Until some auto industry has a breakthrough in engine technology that the Chinese will duplicate,denial remains a river in China.


China media downplays UN climate change report

<snip>
China Central Television in its Friday night and Saturday news broadcasts failed to mention the report by the Intergovernmental Panel for Climate Change (IPCC) that called for international action to slow down global warming.

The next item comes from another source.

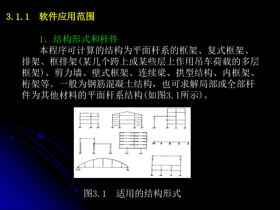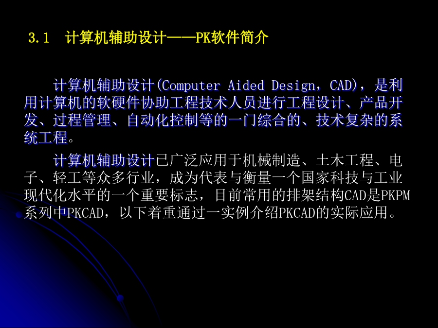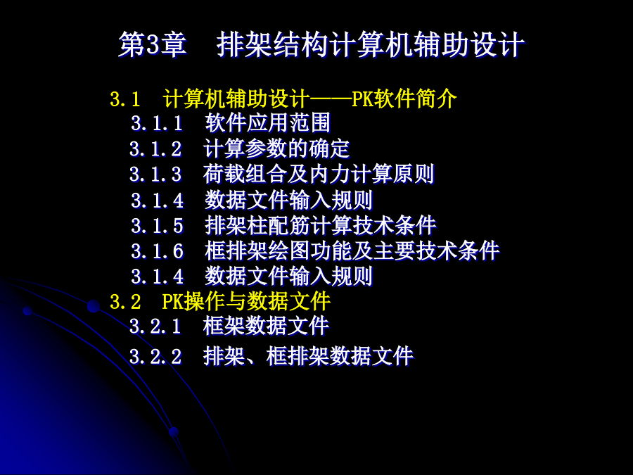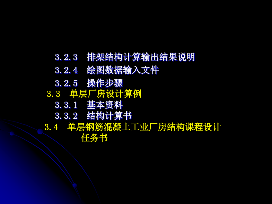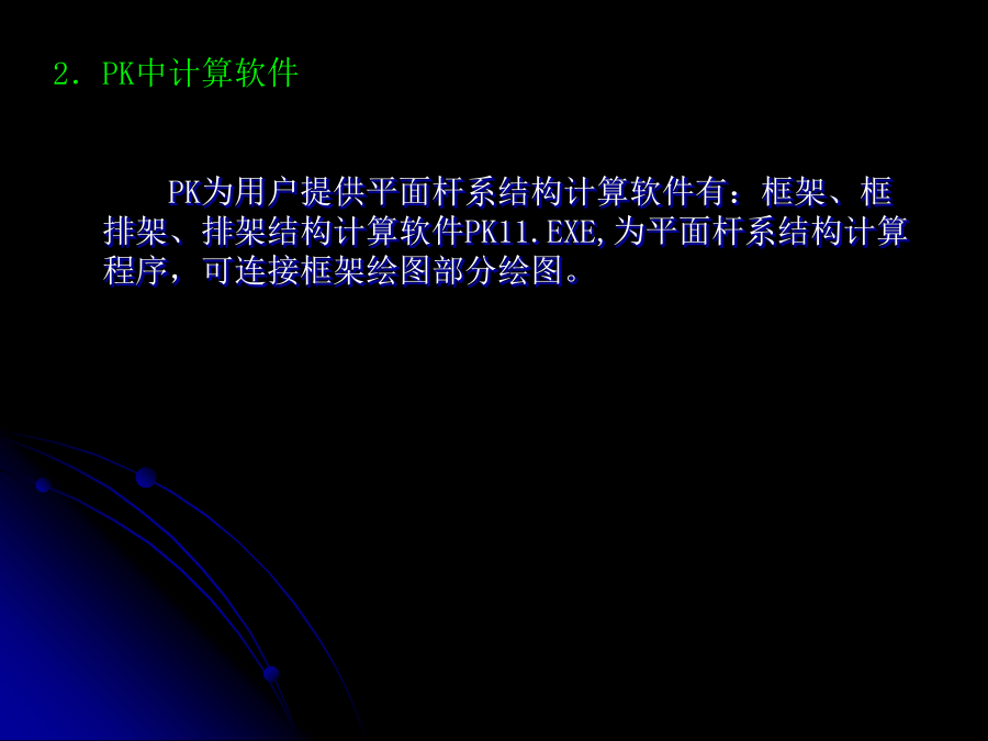第3章排架结构计算机辅助设计3.2.3排架结构计算输出结果说明3.2.4绘图数据输入文件3.2.5操作步骤3.3单层厂房设计算例3.3.1基本资料3.3.2结构计算书3.4单层钢筋混凝土工业厂房结构课程设计任务书3.1计算机辅助设计——PK软件简介计算机辅助设计(ComputerAidedDesign,CAD),是利用计算机的软硬件协助工程技术人员进行工程设计、产品开发、过程管理、自动化控制等的一门综合的、技术复杂的系统工程。计算机辅助设计已广泛应用于机械制造、土木工程、电子、轻工等众多行业,成为代表与衡量一个国家科技与工业现代化水平的一个重要标志,目前常用的排架结构CAD是PKPM系列中PKCAD,以下着重通过一实例介绍PKCAD的实际应用。3.1.1软件应用范围内力分析采用矩阵位移法,每一节点有水平位移,竖向位移,转角三个自由度。(2)在排架和框排架结构计算时(此时NJJ为负值),使用PK计算。柱段总根数≤45根,有吊车荷载的跨数≤7跨。排架的跨数≤9跨,排架柱的柱段总数≤25根3.1.2计算参数的确定3.1.3荷载组合及内力计算原则(2)程序认为以上作用在各节点、柱间、梁间活载都是相容的,程序在求解各杆件最不利组合时,各个活荷载既可以同时作用,又可以分别作用。(3)PK11程序还可以计算任意组互相排斥的活荷载,这样的活荷载各组之间不会同时作用,程序自动从各组中挑选出一组来作最不利布置组合。内力组合时应考虑:①多跨吊车竖向荷载按最不利的最多两跨考虑。②吊车水平荷载不论是单跨还是多跨厂房均按吊车荷载中不利的一跨考虑。③有地震荷载组合时吊车荷载中不再考虑水平刹车力内力组合时先进行吊车荷载的予组合。(2)排架柱的计算和绘图限于矩形断面和工字型断面,其配筋按对称配筋考虑。(3)根据国家规范GB50009—2001第5.2.2条,多跨吊车效应作用时乘以折减系数,该系数由用户输入。(4)根据抗震规范,对于15m高度以下的平面排架,地震计算时应考虑空间和扭转影响的效应调正系数,该系数由用户查规范输入。(5)排架柱地震计算时应考虑吊车桥架引起的地震剪力和弯矩增大系数,该系数由用户查规范输入。(6)牛腿计算时考虑吊车水平荷载。3.1.4数据文件输入规则2)规则框架程序自动形成节点和杆件编号。编号原则内定为:当层数≤跨数时,采用沿纵向Y的节点编号系统如图3.3所示;当层数>跨数或跨数大于10时,采用沿横向X的节点编号系统如图3.4所示。任何情况下,柱脚都最后编号。这样可保证规则框架在任何情况下,其总刚矩阵存储的变带宽最小,省内存容量和计算时间。节点和杆件编号举例如图3.3和图3.4所示,柱梁编号采用由左向右,自下而上的顺序。各跨跨度应以底层柱中心为准。图3.3层数≤跨数时编号系统3)排架、框排架均应按非规则框架填表排架柱段编号应按自下向上,自左至右的顺序,在牛腿顶处,变截面处均应设置节点。框排架计算柱梁编号,要将框架上的柱梁编在前面,排架柱上的柱段和与排架柱相连的两端铰支梁要编在后面,即:先编框架上的柱号,再编排架上的柱号,再编框架上梁号,最后编排架上梁号,这样,在PK2绘图时,框架绘图不再包含排架柱部分。排架柱的绘图由软件PJZ完成。图3.5坐标及荷载本程序对于虚杆件及两端铰接杆件在绘图时一律不予画出,对于虚杆件计算中给出超筋信息。3.1.5排架柱配筋计算技术条件钢筋混凝土结构构造手册》(冶金工业出版社出版)自动给出,在有抗震设防时(即结构计算时作了抗震计算)均按抗震要求作了处理。(3)牛腿的配筋尺寸均由软件自动计算分析给出,只须给出牛腿的挑出长度,牛腿的其他细部尺寸由软件自动给出,牛腿纵向筋的计算根据给出的外力按混凝土结构设计规范GB50010—2002第10.8.1条进行,作用在牛腿顶部的水平拉力设计值从PK11的Tmax/2取得,水平箍筋及弯起钢筋的计算及构造均按GB50010—2002第10.8.1条进行。(4)可作排架柱在翻身、一点起吊时的配筋计算,吊装计算配筋大于原计算配筋时,排架柱选筋按吊装计算结果确定。吊装点位置由人机交互指定,亦可随时修改。柱自重均乘以动力系数1.5。3.1.6框排架绘图功能及主要技术条件用PK11计算完排架或框排架后,只须填写一个简单的排架绘图补充数据文件,即可运行“PJZ”,或PK主菜单项目4绘出排架柱施工图。(2)施工图纸的版面布置及分页均自动进行,每根排架柱布置在一张图上,由排架柱的模板立面图,配筋立面图,柱与牛腿的剖面图,钢筋表组成。(3)在排架和框排架结构计算时:①柱段总根数≤45根,有吊车荷载的跨数≤7跨。②排架的跨数≤9跨,排架柱的柱段总数≤25根。(4)框排架的框架部分绘施工图时,柱梁的总根数不再包括排架柱上的柱段和与排架柱铰接的梁。(5)可在排梁柱的模板立面图的下面和左、右两侧面上标注预

No Chinese language report was seen on China's growing impact on global warming due to its world-leading coal use and its booming automobile industry.

<snip>

The Communist Party's leading People's Daily ran a three paragraph factual on the report at the bottom of page three in its Saturday edition.Other state-run papers ran Xinhua news agency articles on the climate report on inside pages, while only the Beijing News carried a story on the negative effects that climate change could bring to China, including extended drought in the north and worse flooding in the south.No Chinese language report was seen on China's growing impact on global warming due to its world-leading coal use and its booming automobile industry.

<snip>

China, a signatory to the Kyoto Protocol, is not committed to cut greenhouse gases due to its status as a developing country. Despite being the world's second-largest greenhouse gas emitter after the United States, China's per-capita emissions remain only a fraction of those in developed countries, the government has said.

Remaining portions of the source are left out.